We further employed space charge-limited current (SCLC) to determine the hole and electron mobilities in relevant devices (Fig. 2c and Table 1). The average hole-only mobility of PZ1-doped devices (μh = 1.38 × 10−3 cm2 V−1 s−1, Supplementary Fig. 15) is higher than that of undoped devices (μh = 6.88 × 10−4 cm2 V−1 s−1, Supplementary Fig. 15). In addition, the average electron-only mobility (μe) values of the relevant devices without and with 1 wt% PZ1 are 2.25 × 10−3 and 2.07 × 10−3 cm2 V−1 s−1 (Supplementary Fig. 16), respectively. The comparable μe values of the PZ1-doped and undoped blends are probably contributed to the zinc oxide (ZnO) morphology as well as its lower surface energy as compared to the PEDOT:PSS layer, which can affect the film formation of the active layers51. Nevertheless, combining with the more balanced transport of holes and electrons in the PZ1-doped devices, the SCLC data illustrate that charge carriers in the 1 wt% PZ1-doped blend can be transmitted more efficiently, which is also evidenced by the morphological characterizations (Fig. 1d). In addition, the relative recombination loss as a function of light intensity was investigated in these devices without and with 1 wt% PZ1, as plotted in Supplementary Fig. 17. It was found that adding a small amount of PZ1 into the host devices did not exhibit obvious bimolecular recombination (Supplementary Fig. 17a). In contrast, the PZ1-doped OSCs showed less trap-assisted recombination with reduced slop of 1.36 kT/q (versus 1.44 kT/q for the host devices, Supplementary Fig. 17b). The detailed analyses are provided in Supplementary Note 2. Overall, the doping of PZ1 polymer not only improves the blend morphology with suitable phase separation and large pure domains but also can reduce the carrier recombination loss and enhance the carrier transport properties in the doping blend.
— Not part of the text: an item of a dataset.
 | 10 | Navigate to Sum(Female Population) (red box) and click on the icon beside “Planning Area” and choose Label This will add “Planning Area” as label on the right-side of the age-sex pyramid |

Importantly, we conducted a thermal stress stability test for the PM6:BTTT-2Cl blends without and with 1 wt% PZ1 at 110 °C and 150 °C, respectively, in a nitrogen atmosphere. The average efficiency of the undoped blend degraded gradually from 13.30% to 6.38% and then 4.66% after constant heating at 150 °C for 24 h and 110 °C for 120 h, respectively, which represent 52% and 65% loss in efficiencies. In contrast with the host blends under the same conditions, the blends with 1 wt% PZ1 showed excellent accelerated thermal stability depicting 5% and 12% efficiency losses after heating at 110 °C and 150 °C for 800 h, as exhibited in Fig. 2d. Moreover, the devices with added PZ1 weight ratios in the range 0.5–8.0% retained 88–97% of their PCEs after 48 h, as presented in Fig. 2e. Unsurprisingly, as shown in Supplementary Fig. 18, the above-mentioned PM6:PZ1 all-polymer photovoltaic system also retained ~90% of its PCEs after 48 h, indicating the super thermal stability at a high temperature. These results indicate that PZ1 as a solid additive has played a significant role in mitigating morphological degradation, which is mainly due to the thermally driven phase separation and BTTT-2Cl aggregations as discussed below.
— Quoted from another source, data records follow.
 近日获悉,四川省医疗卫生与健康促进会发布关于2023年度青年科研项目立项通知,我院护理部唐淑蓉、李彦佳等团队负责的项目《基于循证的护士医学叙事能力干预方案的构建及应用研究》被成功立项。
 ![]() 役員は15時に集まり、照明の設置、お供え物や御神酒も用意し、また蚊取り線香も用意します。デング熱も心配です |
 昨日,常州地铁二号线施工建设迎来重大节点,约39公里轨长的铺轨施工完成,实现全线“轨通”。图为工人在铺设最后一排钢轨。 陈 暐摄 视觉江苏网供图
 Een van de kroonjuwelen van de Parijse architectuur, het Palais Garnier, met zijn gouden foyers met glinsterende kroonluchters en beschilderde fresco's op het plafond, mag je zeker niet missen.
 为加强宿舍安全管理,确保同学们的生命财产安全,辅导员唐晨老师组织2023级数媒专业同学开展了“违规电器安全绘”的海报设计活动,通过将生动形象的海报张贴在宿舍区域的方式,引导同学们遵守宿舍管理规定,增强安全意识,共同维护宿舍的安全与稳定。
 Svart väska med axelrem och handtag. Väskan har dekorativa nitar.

### Morphology and physical mechanism analysis under thermal stress

As discussed above, the addition of PZ1 results in a favorable blend film with more obvious molecular ordering of BTTT-2Cl in comparison with the blend film without PZ1 (Fig. 1d). As shown in Fig. 3a, molecular dynamics modeling was performed to investigate the influence of the π–π stacking confinement on the molecular dihedral distributions. The resulting dihedral distributions were compared to characterize the BTTT-2Cl reorganization dynamics. It is found that the CCCS dihedral angle, corresponding to the D–A conformations, remained sharply peaked at π–π confinements of 3.0 Å. At π–π confinements of 5.0 Å, the CCCS dihedral distribution in contrast is broadened at the corresponding temperatures. These results indicate that the π–π confinement exhibited by the obvious phase separation in PZ1-doped blends played a vital role in enabling temperature-insensitive molecule migration. It suggests that this PZ1-doping approach can be general to other photovoltaic systems, which will be discussed in the last section.
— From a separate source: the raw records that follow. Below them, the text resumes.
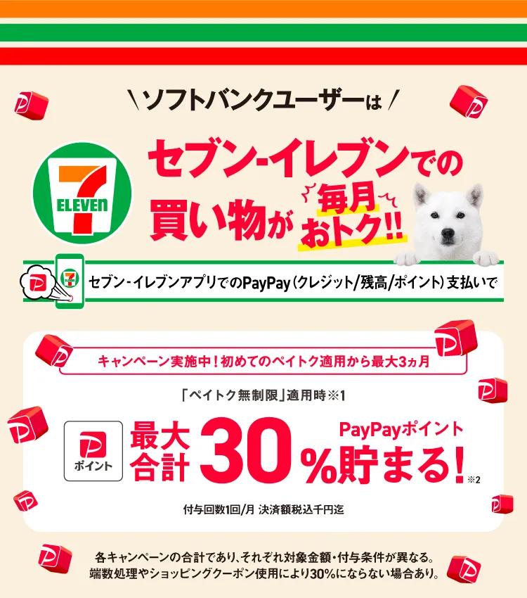 ソフトバンクユーザーはセブン-イレブンでPayPay決済すると10%、ペイトクで最大30%還元キャンペーンを実施中。9/1~。
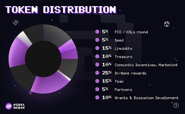 PIXFI 代币的总供应量为 50 亿,采用 ERC-20 代币标准。Pixelverse 的创建者还透露了将其引入开放网络 (TON) 的计划。
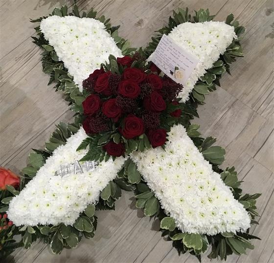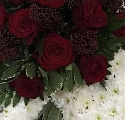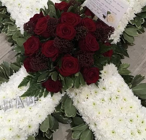 Edged in foliage, based in white chrysanthemums and a red rose spray.
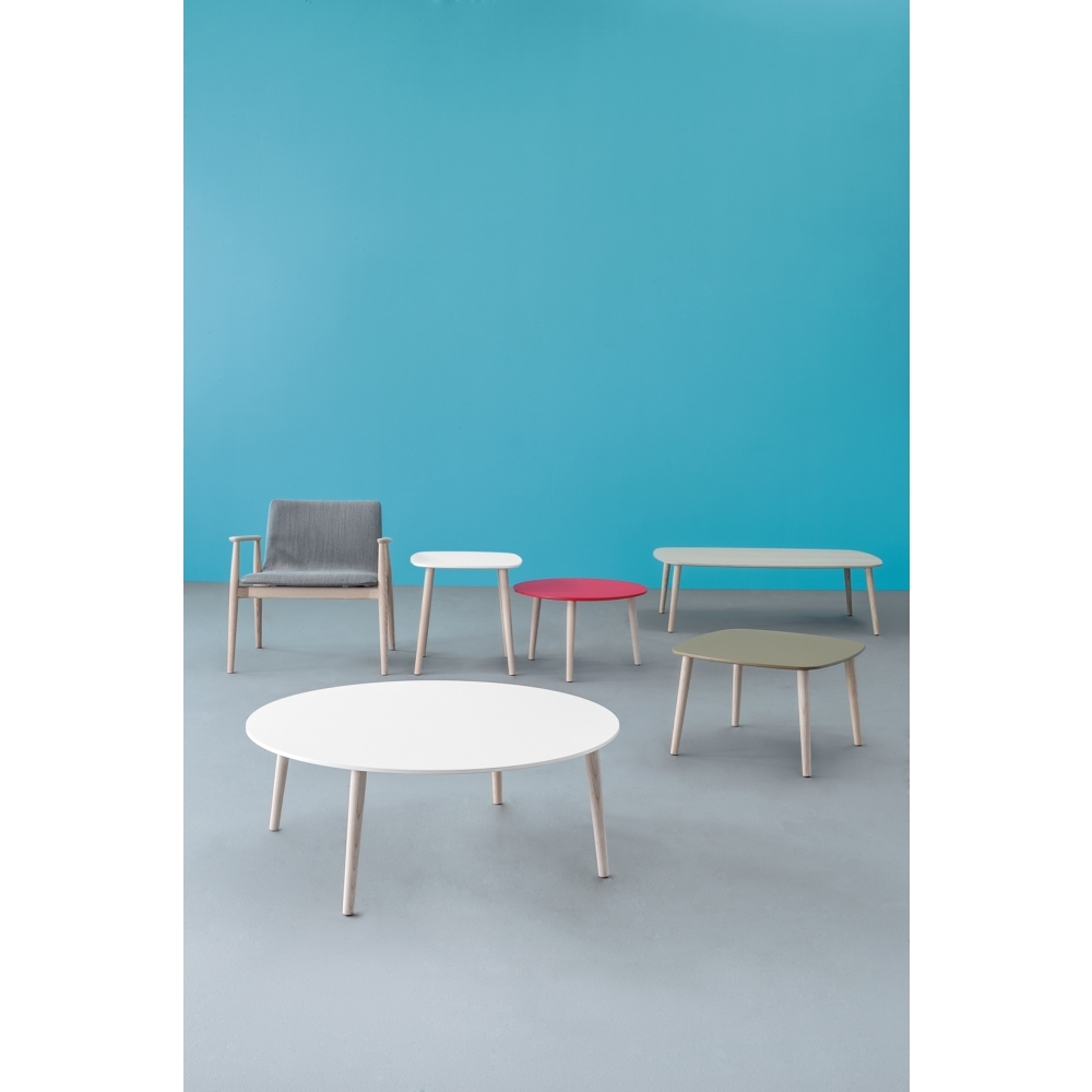 Die Familie Malmö breitet sich nun auch in Wartezimmern, Lounge- und Barbereichen aus. Die Tischplatten der Coffee Tables sind in furnierter Esche, Massivlaminat (weiß oder schwarz) oder lackiertem MDF (Rot und Graubeige) erhältlich, die Beine aus massiver Esche gedreht. Erhältlich in sieben verschiedenen Größen. Ausführungen des Gestells: Esche gebleicht oder schwarz gefärbt.
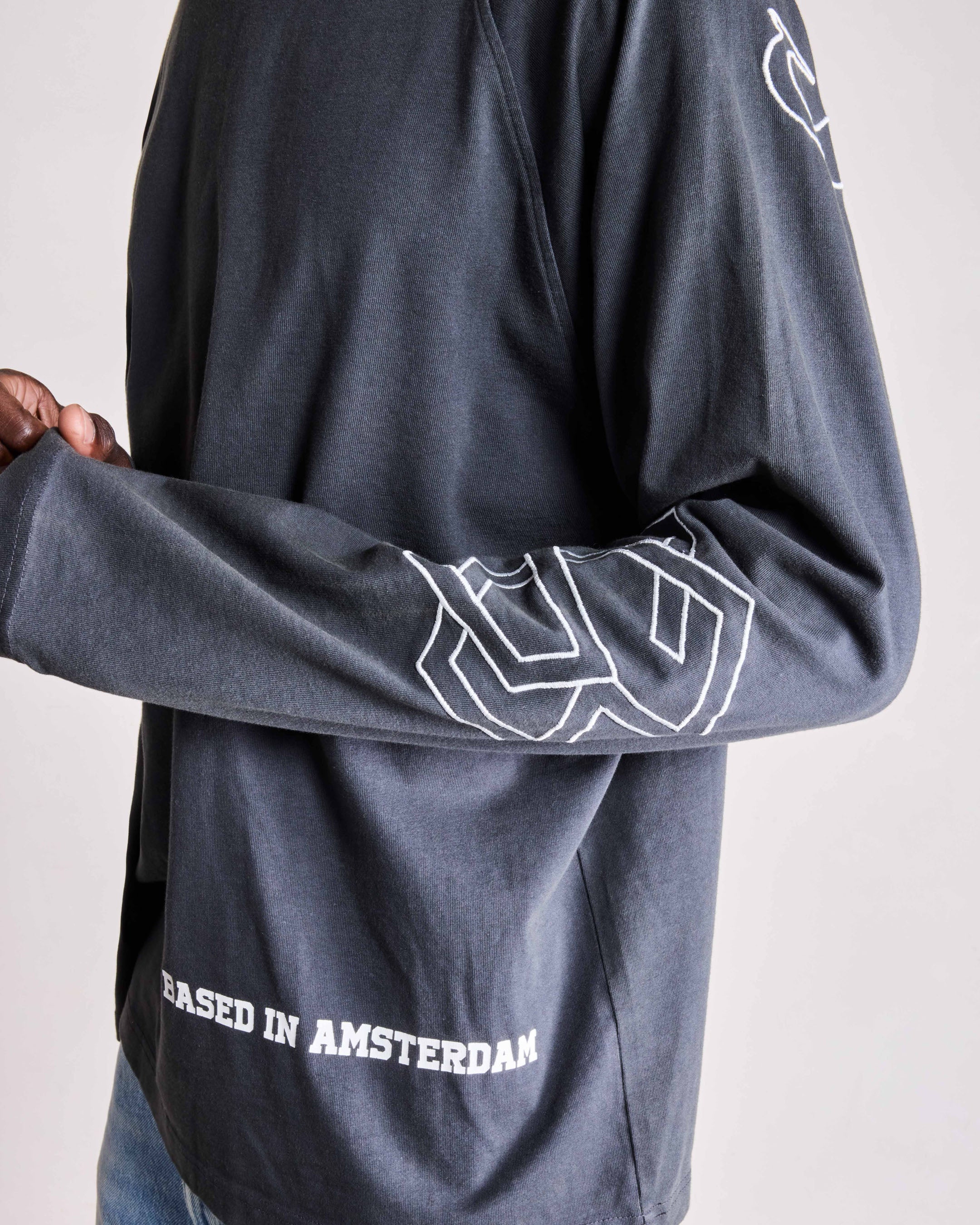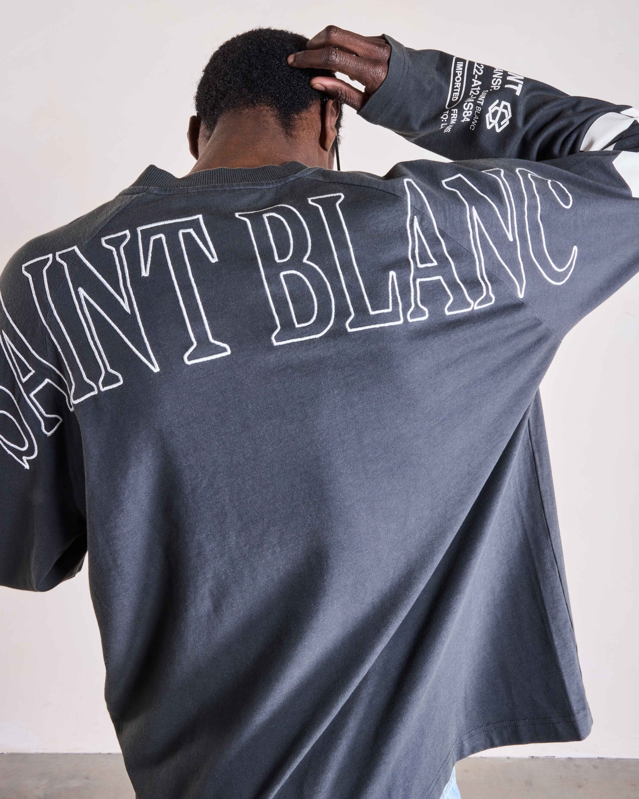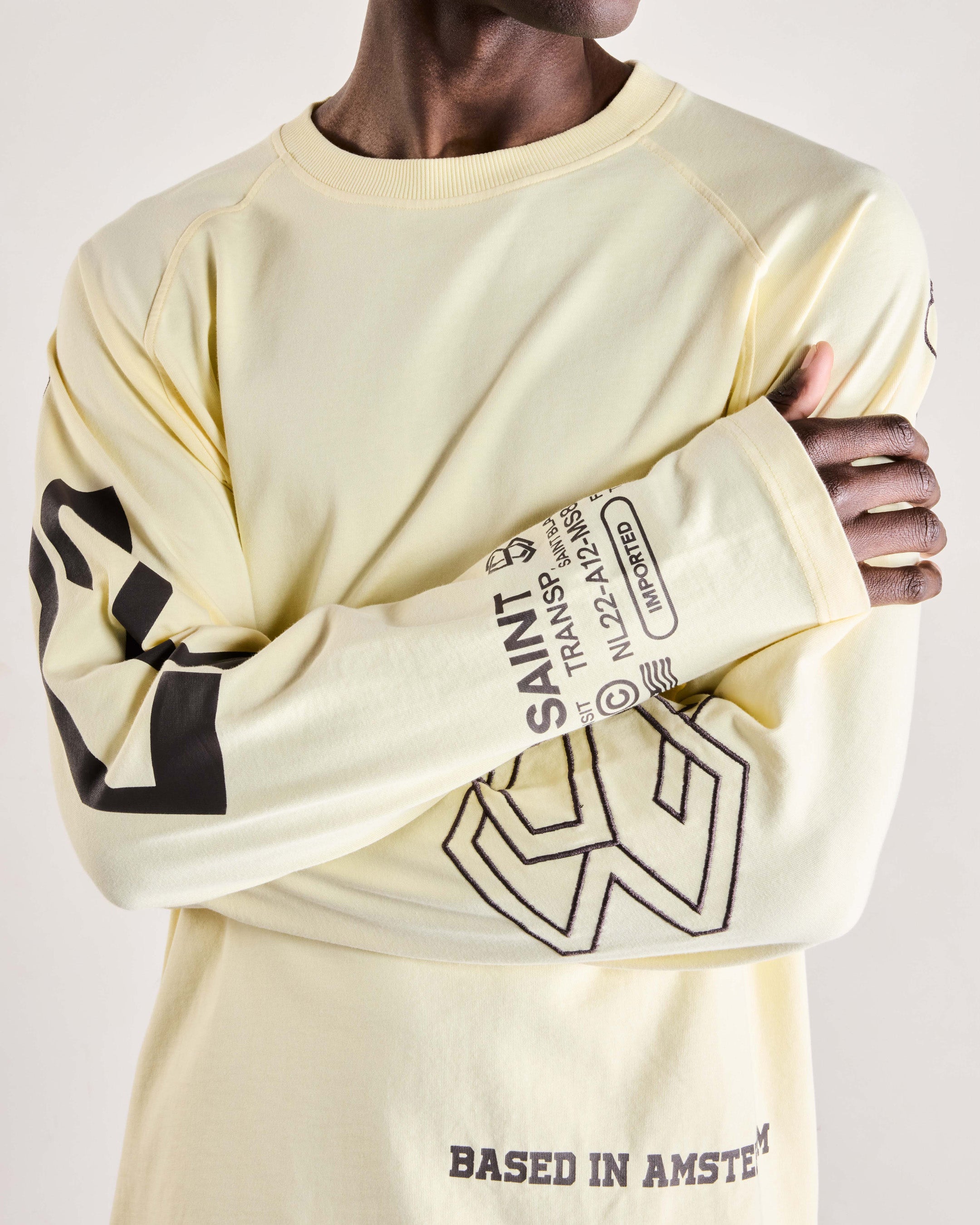 A bold graphic essential rooted in Saint Blanc’s Amsterdam identity. This Longsleeve combines clean structure with statement branding, featuring the signature arched SAINT BLANC print across the back and subtle graphic details throughout the sleeves and hem. Crafted from premium midweight cotton jersey and finished with raglan sleeves for a relaxed, athletic silhouette.

To understand the thermal stability of the PZ1-doped BHJ blend versus host blend, we further conducted AFM and GIWAXS measurements to investigate the morphological change of the relevant BHJ blends. The surface images before and after the heating at 150 °C for 5 and 24 h are shown in Fig. 3b. The AFM images of the PM6:BTTT-2Cl blend as a function of annealing time at 150 °C are shown in Supplementary Fig. 19. The homogeneity of the PM6:BTTT-2Cl BHJ blend was altered subsequent to the heating. Many long string-like BTTT-2Cl crystals were observed in the aged blend. In contrast, the PZ1-incorporated blend morphology was not significantly affected by heating. These images provide a direct evidence that PZ1 as a solid additive is very efficient in limiting the thermally induced BTTT-2Cl migration and aggregation in the blend and also reducing its phase segregation. Incorporating polymer acceptor PZ1 with long alkyl side chains into the PM6:BTTT-2Cl blend can form a strong framework and also inhibit BTTT-2Cl aggregation and crystallization. In addition, 2D-GIWAXS was also conducted to investigate the thermally induced crystallization of the BTTT-2Cl molecules in the blends (Fig. 3c, Supplementary Fig. 20, and Supplementary Table 5). The (0 0 1) diffraction peaks, which can be defined as parallel orientation to the substrate, exhibited prominent intensity in the PM6:BTTT-2Cl blend under prolonged thermal stress. In contrast, when 1 wt% PZ1 was provided into the control BHJ blend, the intensity growth of the GIWAXS profiles can be suppressed significantly, resulting in the low device efficiency losses at high temperatures.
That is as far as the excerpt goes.